■ **REQUIREMENT**: The reply should hold every record, copied exactly, and none of the pictures.

■ **Records from a dataset**:
+ + +
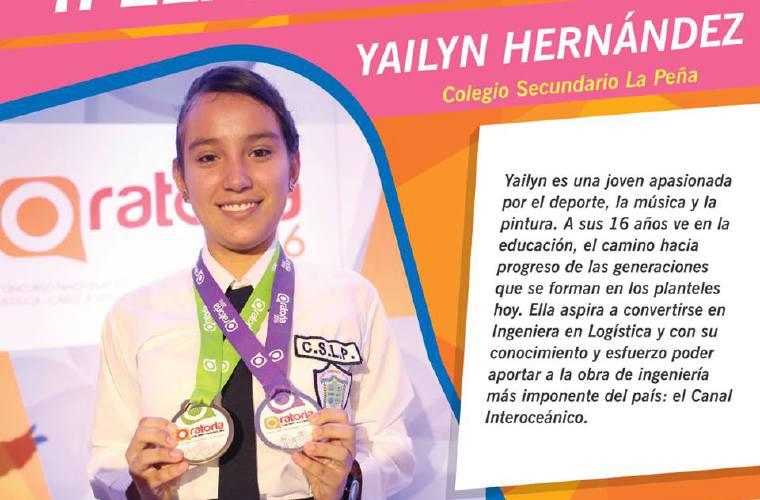 Yailyn Hernández Lima, estudiante del bachillerato en Ciencias del colegio secundario La Peña, obtuvo la representación de Veraguas para la gran final del Concurso Nacional de Oratoria, previsto para el próximo 13 de noviembre en el teatro Anayansi, de Atlapa.
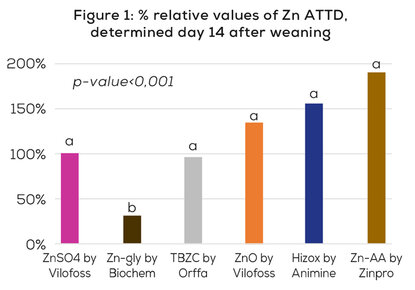 A recent study done by SEGES (leading innovation center in Denmark) and published by Nielsen et al, in 2022, revealed the apparent total tract digestibility (ATTD) of 6 different zinc sources supplemented during the first 14 days after weaning at 100ppm Zn (figure 1). Potentiated zinc (HiZox®) displayed a numerically improved bioavailability among sources compared to other inorganic sources and even an organic source such as Zinc Glycinate. This may be due to its unique physico-chemical properties that makes its dissolution optimal, steady rate to provide a continuous diffusion of ionic zinc without binding to antagonists.
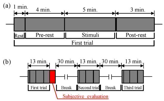 Eight healthy males with normal hearing in their twenties were selected as the subjects of the experiment. It should be noted that in this research the relationship between the subjective and biological response on sound representation was assessed. So, the subjects were university students in their twenties. However, it should also be noted that, ideally, subjects should be selected from a large population of various ages, if one wants to determine the effect of the subjects’ age on their interpretations. The method of the experiment is shown in Figure 1. After a one-minute period in which the subjects familiarized themselves with the experimental environment, they had a four-minute pre-resting period, listened to a five-minute-long auditory stimulus, and then had a three-minute post-resting period, for a total of 12 min. After completing the experiment, a subjective evaluation of the subjects’ impressions of the presented sounds was conducted. To verify the reproducibility of this experiment, the experiments were repeated three times under the same experimental conditions as shown in Figure 1b. To prevent the disturbance of brain waves and heart rates caused by visual stimuli as much as possible, the experiment was conducted in a dark room, shown in Figure 2a. In addition, to avoid artifacts such as muscle potential and eye movement, each subject was instructed to relax in a seated position with their eyes closed during the experiment. To prevent fatigue, all three experiments were conducted with a 30 min break between each trial.
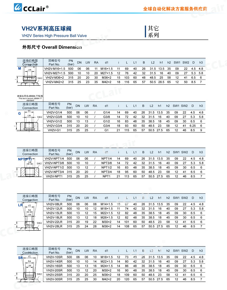 VH2V-PT1/4,VH2V-PT3/8,VH2V-PT1/2,VH2V-PT3/4,VH2V-PT1,
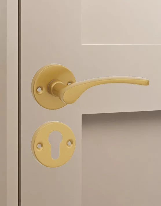 Jednoduchá inštalácia základnej kľučky dverí s peknými líniami. Upevňovacie skrutky sú natreté farbou, ktorá je súčasťou balenia.
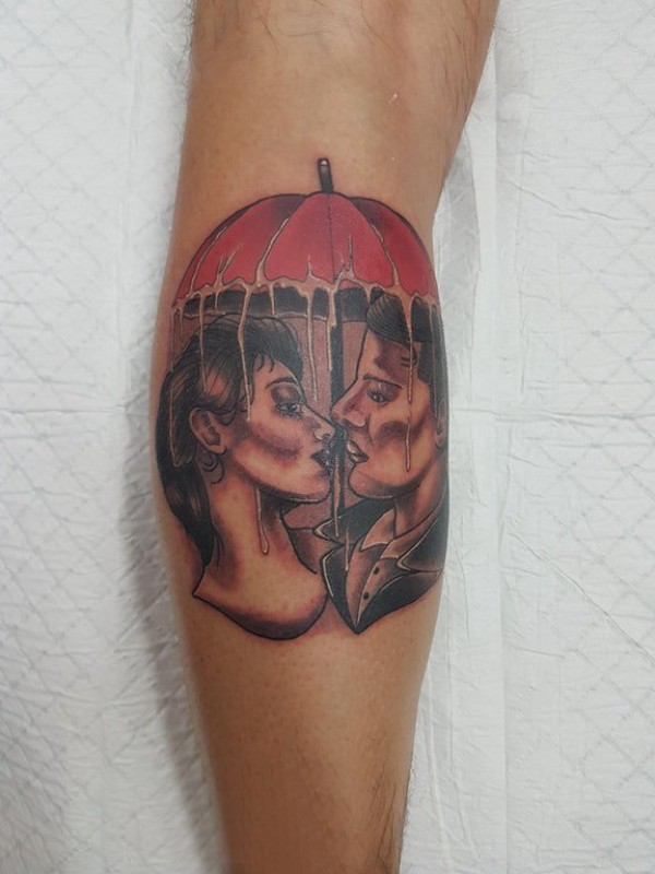 创意情侣纹身 男生手臂上彩色的情侣纹身图片
+ + +
■ **SOLVED PROBLEM**:
 Yailyn Hernández Lima, estudiante del bachillerato en Ciencias del colegio secundario La Peña, obtuvo la representación de Veraguas para la gran final del Concurso Nacional de Oratoria, previsto para el próximo 13 de noviembre en el teatro Anayansi, de Atlapa.
 A recent study done by SEGES (leading innovation center in Denmark) and published by Nielsen et al, in 2022, revealed the apparent total tract digestibility (ATTD) of 6 different zinc sources supplemented during the first 14 days after weaning at 100ppm Zn (figure 1). Potentiated zinc (HiZox®) displayed a numerically improved bioavailability among sources compared to other inorganic sources and even an organic source such as Zinc Glycinate. This may be due to its unique physico-chemical properties that makes its dissolution optimal, steady rate to provide a continuous diffusion of ionic zinc without binding to antagonists.
 Eight healthy males with normal hearing in their twenties were selected as the subjects of the experiment. It should be noted that in this research the relationship between the subjective and biological response on sound representation was assessed. So, the subjects were university students in their twenties. However, it should also be noted that, ideally, subjects should be selected from a large population of various ages, if one wants to determine the effect of the subjects’ age on their interpretations. The method of the experiment is shown in Figure 1. After a one-minute period in which the subjects familiarized themselves with the experimental environment, they had a four-minute pre-resting period, listened to a five-minute-long auditory stimulus, and then had a three-minute post-resting period, for a total of 12 min. After completing the experiment, a subjective evaluation of the subjects’ impressions of the presented sounds was conducted. To verify the reproducibility of this experiment, the experiments were repeated three times under the same experimental conditions as shown in Figure 1b. To prevent the disturbance of brain waves and heart rates caused by visual stimuli as much as possible, the experiment was conducted in a dark room, shown in Figure 2a. In addition, to avoid artifacts such as muscle potential and eye movement, each subject was instructed to relax in a seated position with their eyes closed during the experiment. To prevent fatigue, all three experiments were conducted with a 30 min break between each trial.
 VH2V-PT1/4,VH2V-PT3/8,VH2V-PT1/2,VH2V-PT3/4,VH2V-PT1,
 Jednoduchá inštalácia základnej kľučky dverí s peknými líniami. Upevňovacie skrutky sú natreté farbou, ktorá je súčasťou balenia.
 创意情侣纹身 男生手臂上彩色的情侣纹身图片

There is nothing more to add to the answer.